> **Data for this task**:
□ □ □ □ □ □ □

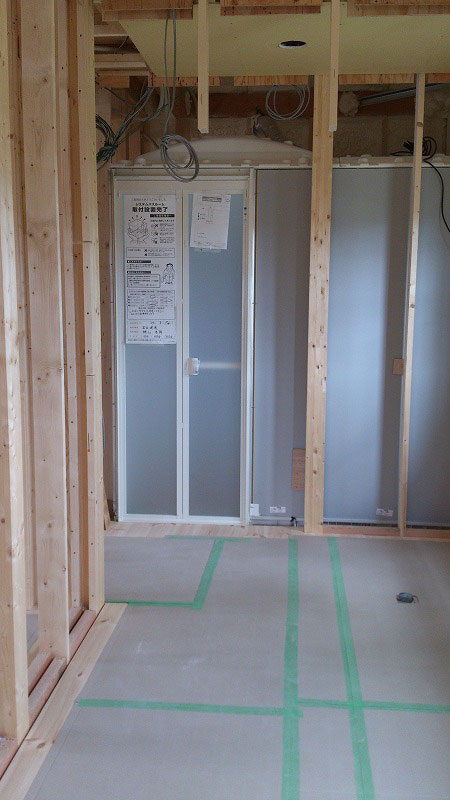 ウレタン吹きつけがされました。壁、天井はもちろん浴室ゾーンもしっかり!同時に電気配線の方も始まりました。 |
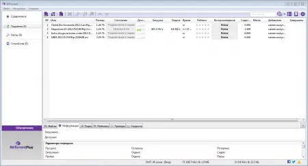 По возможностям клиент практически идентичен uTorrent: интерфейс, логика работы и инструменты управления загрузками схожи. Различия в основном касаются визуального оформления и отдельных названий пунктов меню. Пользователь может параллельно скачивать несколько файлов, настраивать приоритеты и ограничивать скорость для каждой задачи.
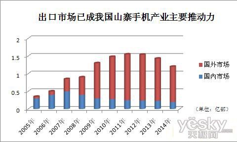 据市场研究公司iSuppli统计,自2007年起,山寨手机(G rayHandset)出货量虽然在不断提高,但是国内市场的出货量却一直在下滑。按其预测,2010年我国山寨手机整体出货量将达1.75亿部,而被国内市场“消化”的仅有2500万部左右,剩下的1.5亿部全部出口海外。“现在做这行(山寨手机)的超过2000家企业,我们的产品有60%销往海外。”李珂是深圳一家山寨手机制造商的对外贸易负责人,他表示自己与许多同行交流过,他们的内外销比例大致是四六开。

□ □ □ □ □ □ □

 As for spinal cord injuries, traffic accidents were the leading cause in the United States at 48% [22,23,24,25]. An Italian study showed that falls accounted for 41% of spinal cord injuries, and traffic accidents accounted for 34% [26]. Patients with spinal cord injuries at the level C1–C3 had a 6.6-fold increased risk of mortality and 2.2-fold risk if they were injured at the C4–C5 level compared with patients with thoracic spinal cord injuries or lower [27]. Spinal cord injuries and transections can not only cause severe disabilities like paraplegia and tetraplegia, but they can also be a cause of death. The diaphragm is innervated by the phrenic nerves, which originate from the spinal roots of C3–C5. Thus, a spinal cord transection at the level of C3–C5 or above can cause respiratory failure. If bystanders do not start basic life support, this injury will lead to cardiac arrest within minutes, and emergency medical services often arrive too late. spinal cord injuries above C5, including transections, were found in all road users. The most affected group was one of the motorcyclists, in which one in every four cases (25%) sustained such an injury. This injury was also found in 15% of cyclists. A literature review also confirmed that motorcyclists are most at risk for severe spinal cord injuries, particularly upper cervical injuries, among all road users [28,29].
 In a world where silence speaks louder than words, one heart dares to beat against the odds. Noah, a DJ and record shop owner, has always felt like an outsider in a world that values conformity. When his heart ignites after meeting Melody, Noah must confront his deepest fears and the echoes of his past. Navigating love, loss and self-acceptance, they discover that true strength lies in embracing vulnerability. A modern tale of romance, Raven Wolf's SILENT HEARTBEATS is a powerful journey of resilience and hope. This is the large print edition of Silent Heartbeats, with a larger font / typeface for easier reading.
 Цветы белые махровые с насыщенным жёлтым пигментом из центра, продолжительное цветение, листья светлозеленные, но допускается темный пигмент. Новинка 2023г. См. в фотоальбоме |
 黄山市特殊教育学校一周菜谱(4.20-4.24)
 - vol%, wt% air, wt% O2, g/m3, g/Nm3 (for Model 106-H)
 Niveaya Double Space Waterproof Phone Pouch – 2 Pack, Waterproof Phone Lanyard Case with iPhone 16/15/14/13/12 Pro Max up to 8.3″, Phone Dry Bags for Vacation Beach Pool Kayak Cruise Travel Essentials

□ □ □ □ □ □ □

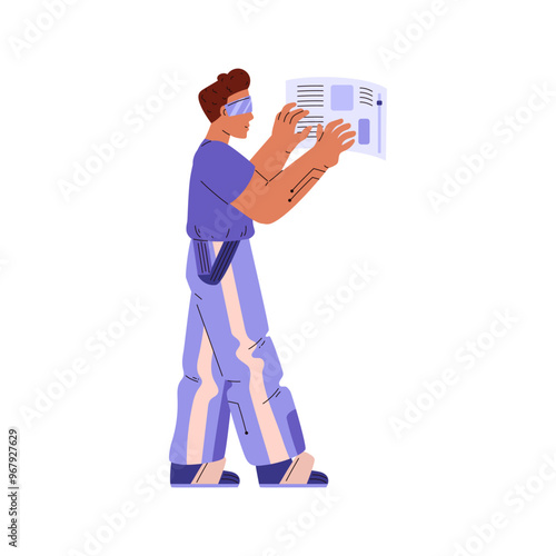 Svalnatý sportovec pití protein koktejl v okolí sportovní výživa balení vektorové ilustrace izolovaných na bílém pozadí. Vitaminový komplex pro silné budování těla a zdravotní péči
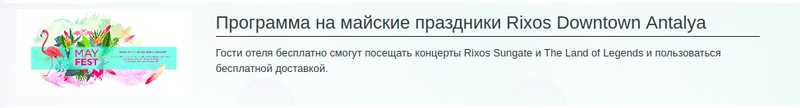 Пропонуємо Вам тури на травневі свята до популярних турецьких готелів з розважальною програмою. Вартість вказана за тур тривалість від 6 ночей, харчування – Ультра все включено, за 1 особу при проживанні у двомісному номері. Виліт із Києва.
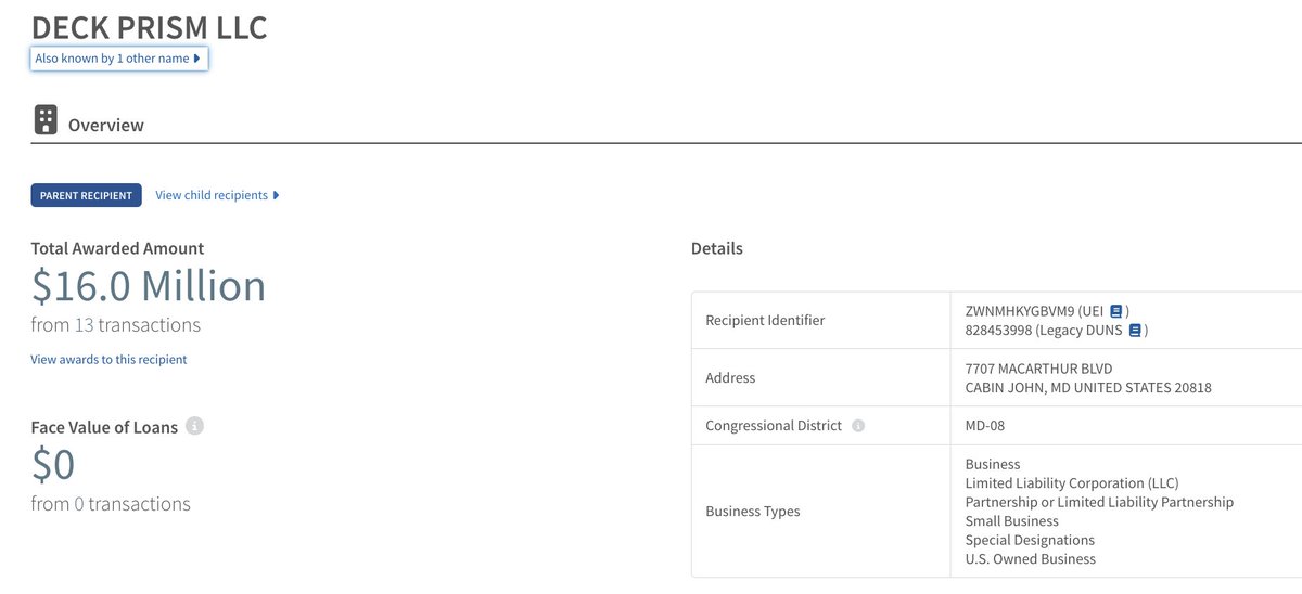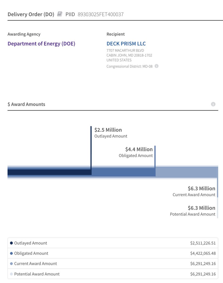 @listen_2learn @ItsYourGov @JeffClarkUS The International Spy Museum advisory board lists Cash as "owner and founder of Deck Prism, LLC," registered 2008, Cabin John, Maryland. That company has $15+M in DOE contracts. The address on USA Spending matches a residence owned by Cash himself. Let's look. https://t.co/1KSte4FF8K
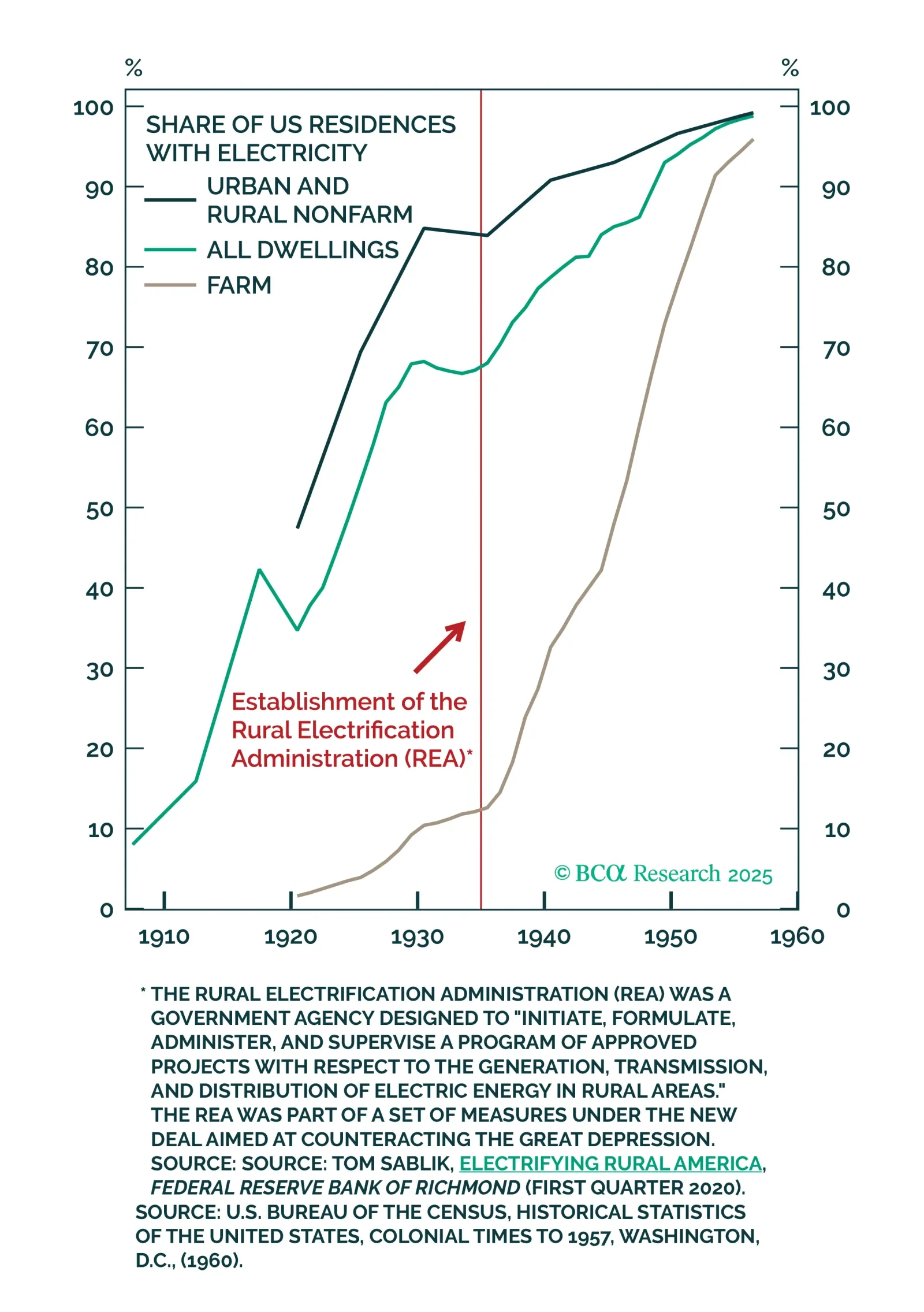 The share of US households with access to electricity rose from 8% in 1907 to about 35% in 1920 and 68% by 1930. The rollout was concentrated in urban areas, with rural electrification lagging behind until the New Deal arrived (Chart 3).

□ □ □ □ □ □ □

> **Problem to work on**:
Only the lines above starting with the line with "Пропонуємо Вам тури" and going on through the line with "Let's look. https://t.co/1KSte4FF8K" belong in the answer; repeat them exactly, minus any picture.

> **Finished task**:
 Пропонуємо Вам тури на травневі свята до популярних турецьких готелів з розважальною програмою. Вартість вказана за тур тривалість від 6 ночей, харчування – Ультра все включено, за 1 особу при проживанні у двомісному номері. Виліт із Києва.
 @listen_2learn @ItsYourGov @JeffClarkUS The International Spy Museum advisory board lists Cash as "owner and founder of Deck Prism, LLC," registered 2008, Cabin John, Maryland. That company has $15+M in DOE contracts. The address on USA Spending matches a residence owned by Cash himself. Let's look. https://t.co/1KSte4FF8K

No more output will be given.